- **Instructions to follow**: What is needed is an exact copy of the lines in the listing below, from the one with "Petcircle Winter Dog" up to and including the one with "ユアスタンド、高松中央郵便局", with no other lines.

- **Listed entries**:
- - - - -
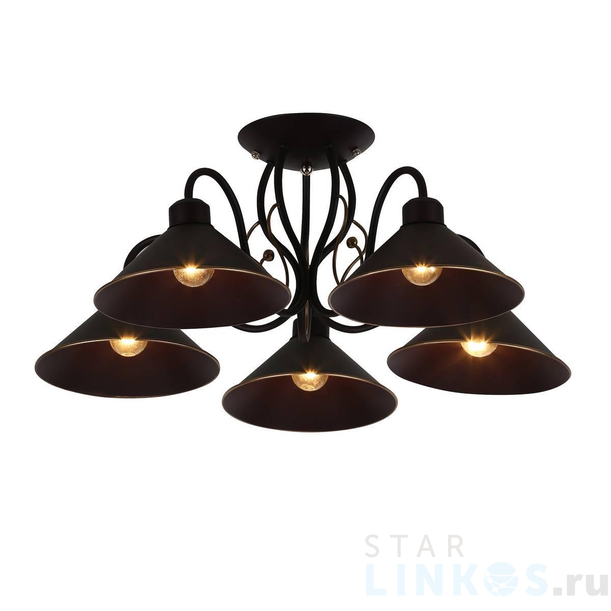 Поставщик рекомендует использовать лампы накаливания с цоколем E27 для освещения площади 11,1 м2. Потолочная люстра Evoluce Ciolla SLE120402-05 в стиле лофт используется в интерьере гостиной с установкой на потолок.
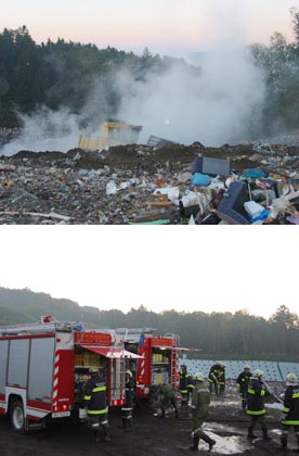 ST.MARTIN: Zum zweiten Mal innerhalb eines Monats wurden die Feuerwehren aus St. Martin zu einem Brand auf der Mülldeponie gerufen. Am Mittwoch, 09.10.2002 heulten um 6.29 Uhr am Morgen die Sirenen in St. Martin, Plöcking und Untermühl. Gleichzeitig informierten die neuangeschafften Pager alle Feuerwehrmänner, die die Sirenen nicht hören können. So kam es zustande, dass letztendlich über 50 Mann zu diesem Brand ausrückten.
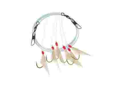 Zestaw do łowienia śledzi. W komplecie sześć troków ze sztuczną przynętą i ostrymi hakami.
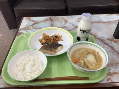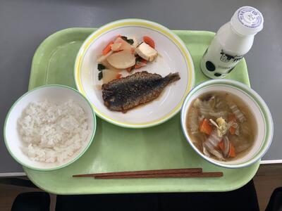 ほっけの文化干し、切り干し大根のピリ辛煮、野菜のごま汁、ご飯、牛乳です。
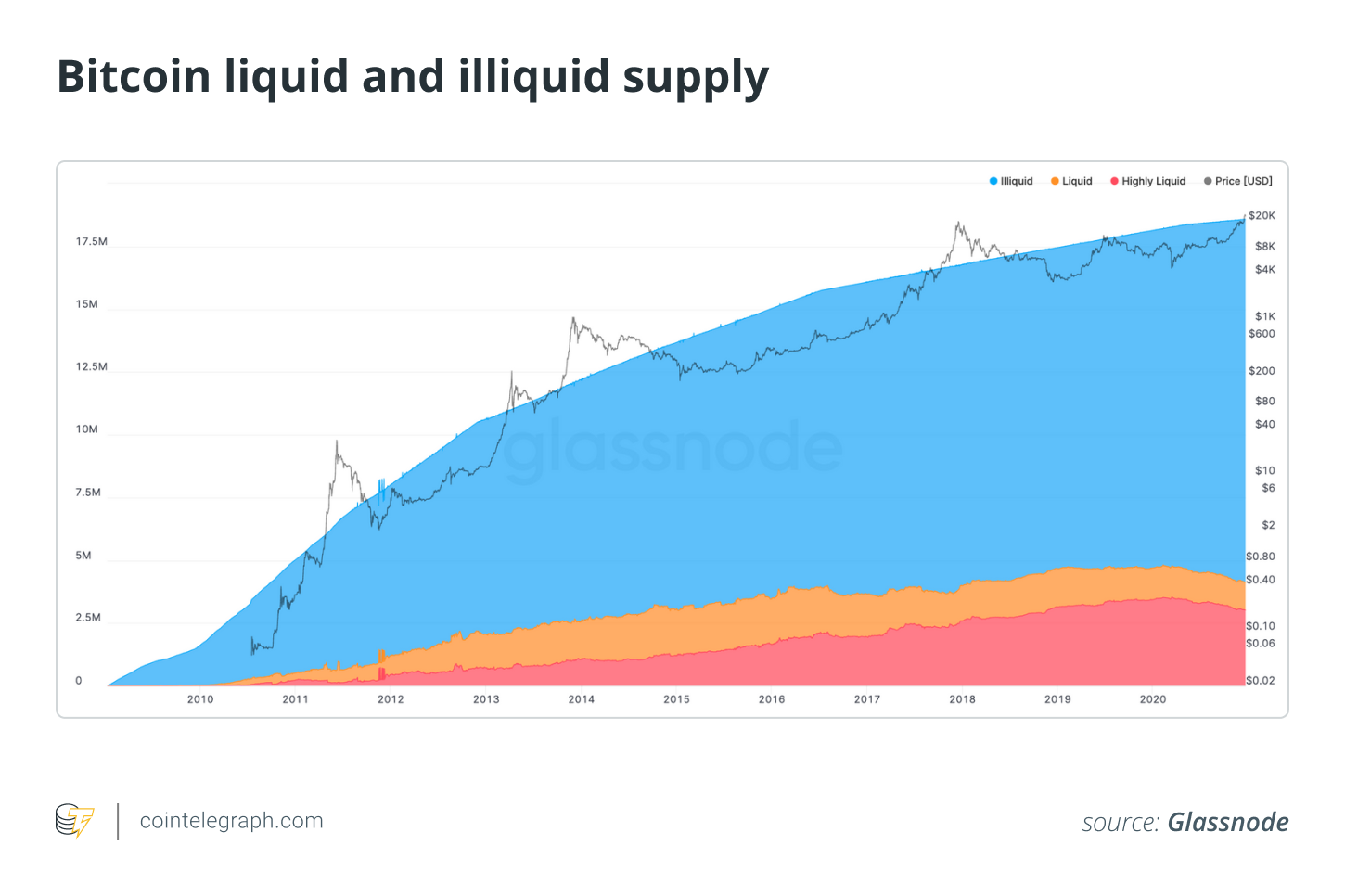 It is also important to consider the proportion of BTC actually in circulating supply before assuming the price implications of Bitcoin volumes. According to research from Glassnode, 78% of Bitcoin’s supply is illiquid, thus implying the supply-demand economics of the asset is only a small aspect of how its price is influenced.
- - - - -
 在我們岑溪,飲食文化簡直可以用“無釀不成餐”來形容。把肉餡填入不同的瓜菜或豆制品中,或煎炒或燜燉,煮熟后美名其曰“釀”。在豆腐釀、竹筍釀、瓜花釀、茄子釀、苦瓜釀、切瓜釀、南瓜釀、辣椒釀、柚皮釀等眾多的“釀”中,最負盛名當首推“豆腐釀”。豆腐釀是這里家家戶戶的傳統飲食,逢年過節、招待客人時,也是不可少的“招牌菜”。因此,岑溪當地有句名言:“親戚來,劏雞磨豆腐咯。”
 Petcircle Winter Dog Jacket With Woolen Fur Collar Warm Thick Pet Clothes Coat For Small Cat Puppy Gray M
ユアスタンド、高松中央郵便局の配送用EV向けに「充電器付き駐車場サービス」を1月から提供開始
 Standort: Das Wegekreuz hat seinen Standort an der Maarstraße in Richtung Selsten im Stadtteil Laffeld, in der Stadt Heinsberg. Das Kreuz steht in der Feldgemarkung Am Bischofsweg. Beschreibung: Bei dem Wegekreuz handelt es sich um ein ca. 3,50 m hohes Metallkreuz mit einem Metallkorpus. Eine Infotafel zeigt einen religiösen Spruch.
- - - - -
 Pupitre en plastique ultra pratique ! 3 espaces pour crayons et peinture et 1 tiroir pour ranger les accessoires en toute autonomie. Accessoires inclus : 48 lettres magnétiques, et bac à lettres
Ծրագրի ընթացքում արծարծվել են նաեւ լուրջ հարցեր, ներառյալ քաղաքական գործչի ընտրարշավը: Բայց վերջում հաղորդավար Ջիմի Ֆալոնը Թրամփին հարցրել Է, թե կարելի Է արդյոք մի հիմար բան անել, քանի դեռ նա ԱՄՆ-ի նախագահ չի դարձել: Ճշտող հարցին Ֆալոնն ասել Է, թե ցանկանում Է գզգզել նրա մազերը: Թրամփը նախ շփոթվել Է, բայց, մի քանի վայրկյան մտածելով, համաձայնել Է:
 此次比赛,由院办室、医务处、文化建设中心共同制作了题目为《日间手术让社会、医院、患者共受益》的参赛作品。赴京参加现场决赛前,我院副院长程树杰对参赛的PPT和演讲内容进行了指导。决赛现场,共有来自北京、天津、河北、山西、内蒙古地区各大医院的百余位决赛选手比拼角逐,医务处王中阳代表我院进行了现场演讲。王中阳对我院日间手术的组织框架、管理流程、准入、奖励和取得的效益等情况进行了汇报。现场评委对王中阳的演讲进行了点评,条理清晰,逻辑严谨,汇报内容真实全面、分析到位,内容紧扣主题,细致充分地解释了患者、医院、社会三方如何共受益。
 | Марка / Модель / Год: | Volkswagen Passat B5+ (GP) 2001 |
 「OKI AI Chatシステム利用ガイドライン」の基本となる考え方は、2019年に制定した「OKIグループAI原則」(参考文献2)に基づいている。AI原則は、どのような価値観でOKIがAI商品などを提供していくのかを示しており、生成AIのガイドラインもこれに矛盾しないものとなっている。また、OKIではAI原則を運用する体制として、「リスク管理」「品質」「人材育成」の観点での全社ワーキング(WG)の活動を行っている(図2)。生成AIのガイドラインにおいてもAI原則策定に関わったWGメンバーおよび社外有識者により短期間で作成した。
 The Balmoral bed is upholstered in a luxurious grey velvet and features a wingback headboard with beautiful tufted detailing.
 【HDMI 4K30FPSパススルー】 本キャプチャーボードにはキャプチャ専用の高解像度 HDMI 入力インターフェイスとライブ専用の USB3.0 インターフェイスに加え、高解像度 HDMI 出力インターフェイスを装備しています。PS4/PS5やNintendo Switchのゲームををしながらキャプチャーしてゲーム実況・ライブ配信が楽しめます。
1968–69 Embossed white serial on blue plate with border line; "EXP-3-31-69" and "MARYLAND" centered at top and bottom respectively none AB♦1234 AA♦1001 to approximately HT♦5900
- - - - -
- **Exercise output**:
 Petcircle Winter Dog Jacket With Woolen Fur Collar Warm Thick Pet Clothes Coat For Small Cat Puppy Gray M
ユアスタンド、高松中央郵便局の配送用EV向けに「充電器付き駐車場サービス」を1月から提供開始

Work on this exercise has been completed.